In the listing, locate the line containing "Gray Tartan Crest", then quote it and all following lines exactly. Omit pictures.
:: Source information ::
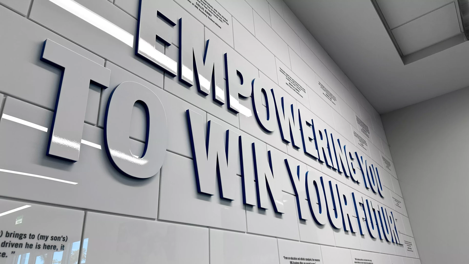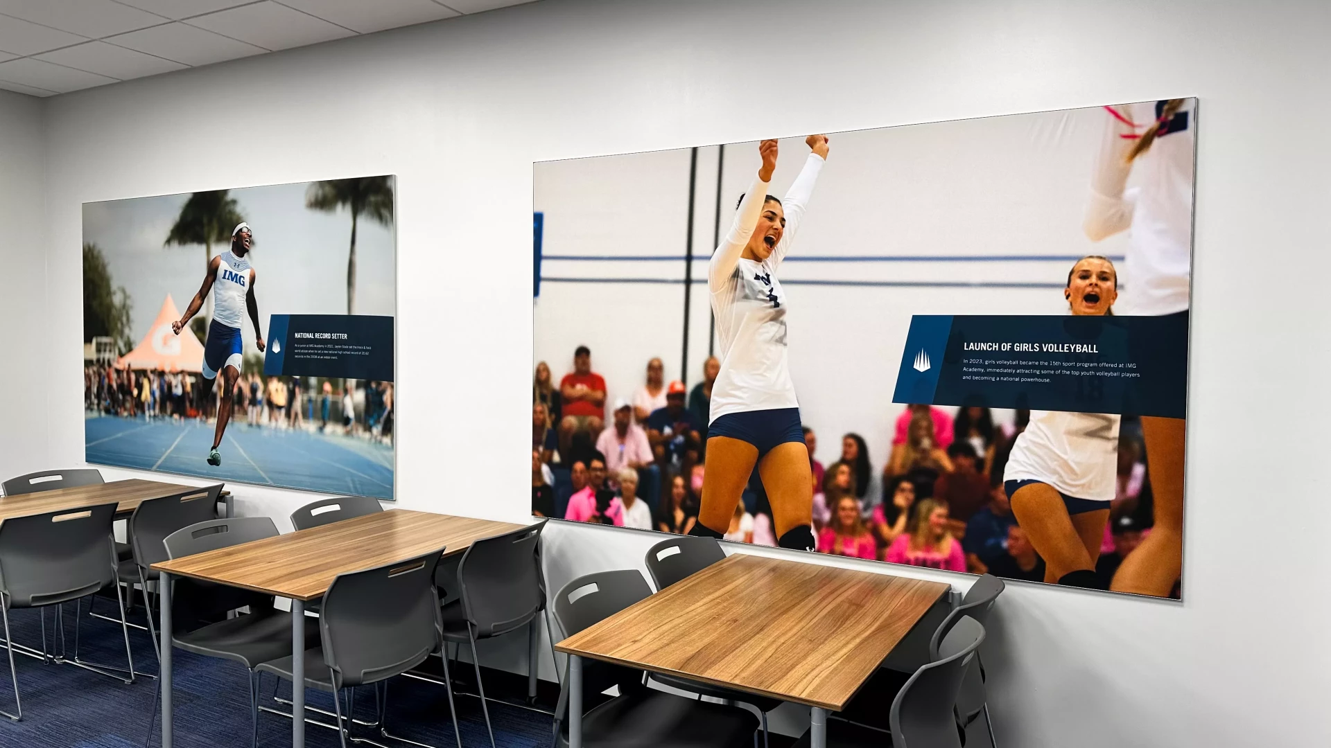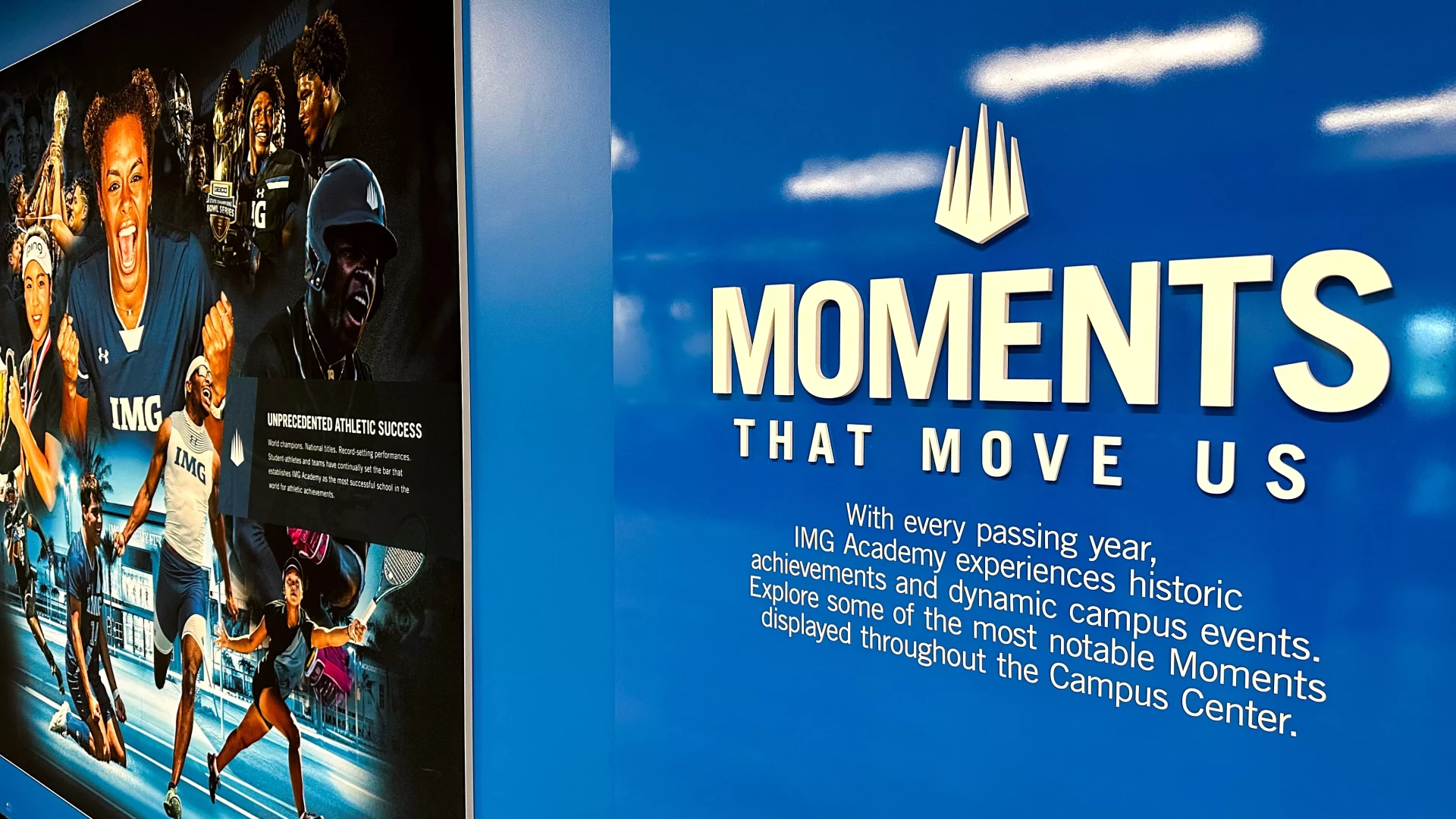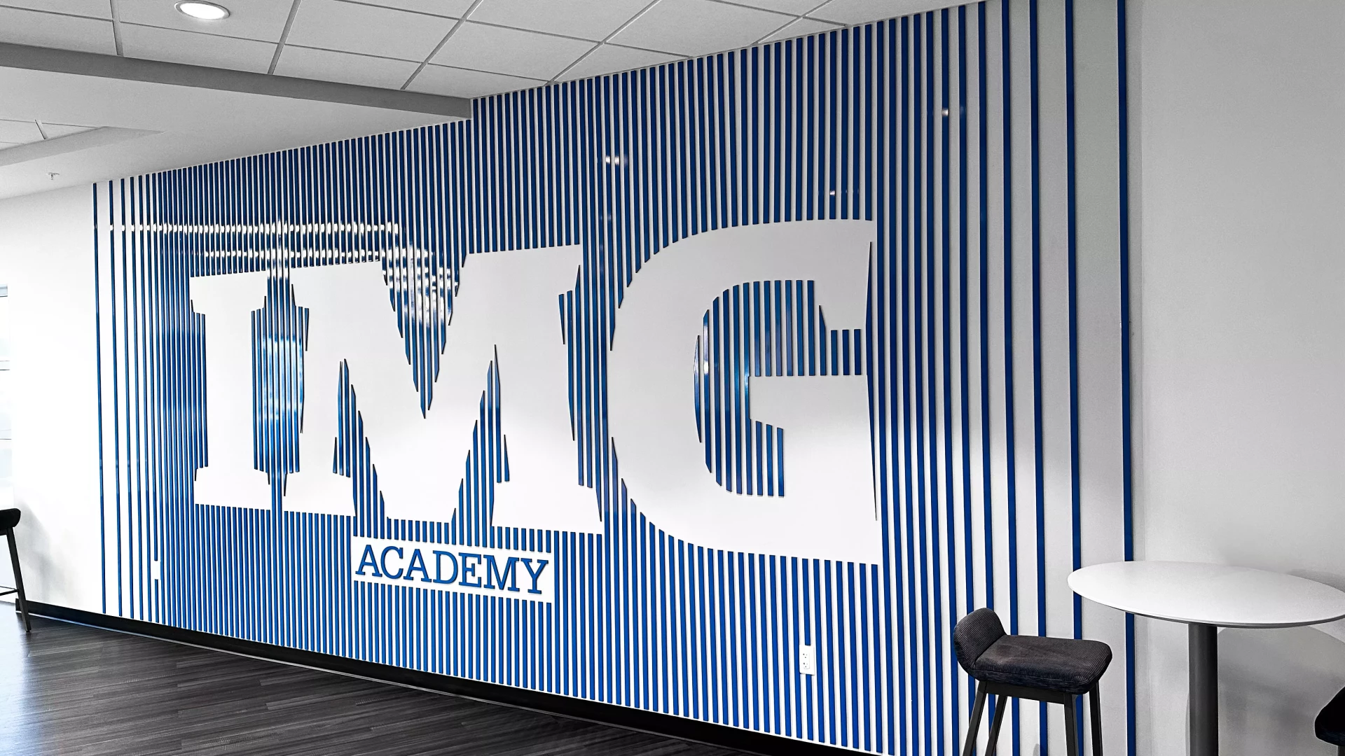 Forty Nine Degrees partnered with IMG Academy on the renovation of the Campus Center, delivering a full design-build of branded environments throughout the facility. A fresh white with blue accents set the tone across the lobby, recruiting/closing room, and main hallways, while dimensional features bring depth and energy to the space.
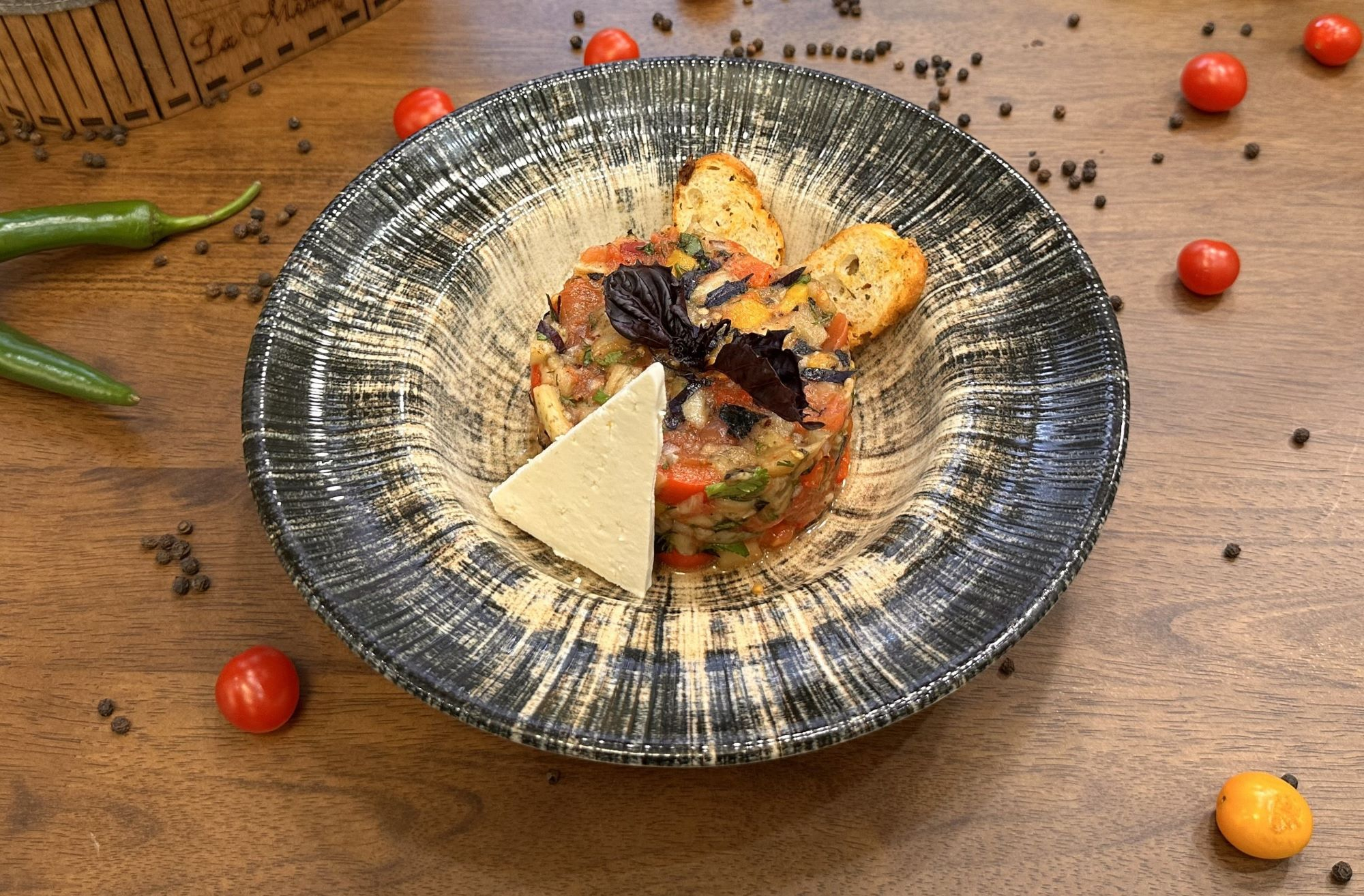Qızardılmış badımcan, pomidor,...
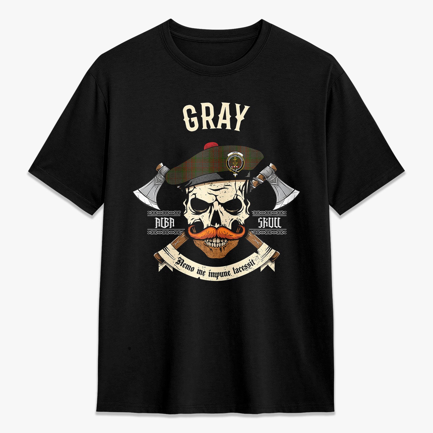 Gray Tartan Crest 2D T-shirt - Alba Skull Style
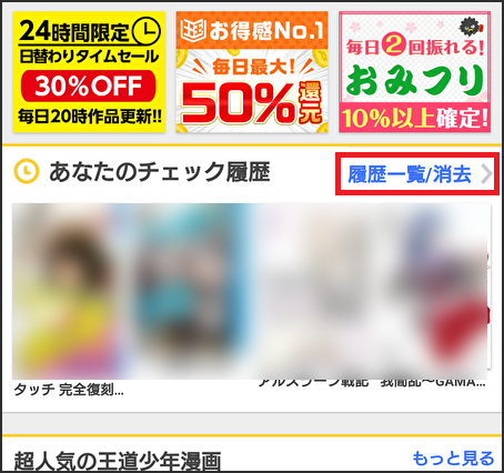 その他、毎日クーポンを獲得する為に利用する程度で、読んだ漫画が表示されることはありません。(クーポンについての詳細は以下のページを確認してください)
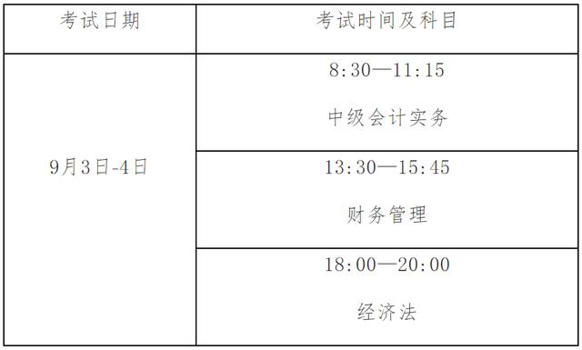 中级会计资格考试于2022年9月3日—4日举行,共2个批次,具体安排如下:
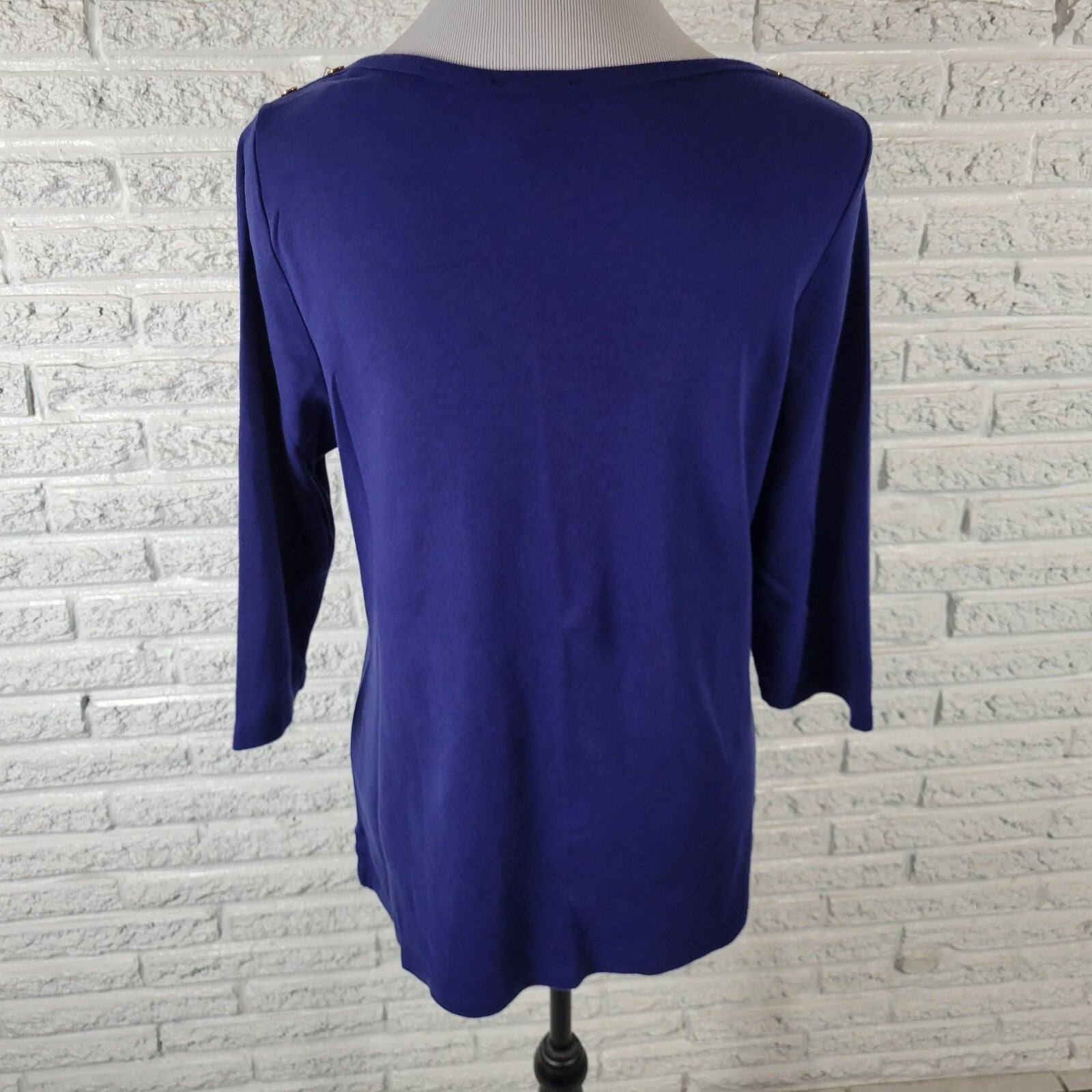Carole Little Womens Top 1X Plus 3/4 Sleeve Blue Cotton Casual Deco Buttons
:::
• **Written answer**:
 Gray Tartan Crest 2D T-shirt - Alba Skull Style
 その他、毎日クーポンを獲得する為に利用する程度で、読んだ漫画が表示されることはありません。(クーポンについての詳細は以下のページを確認してください)
 中级会计资格考试于2022年9月3日—4日举行,共2个批次,具体安排如下:
Carole Little Womens Top 1X Plus 3/4 Sleeve Blue Cotton Casual Deco Buttons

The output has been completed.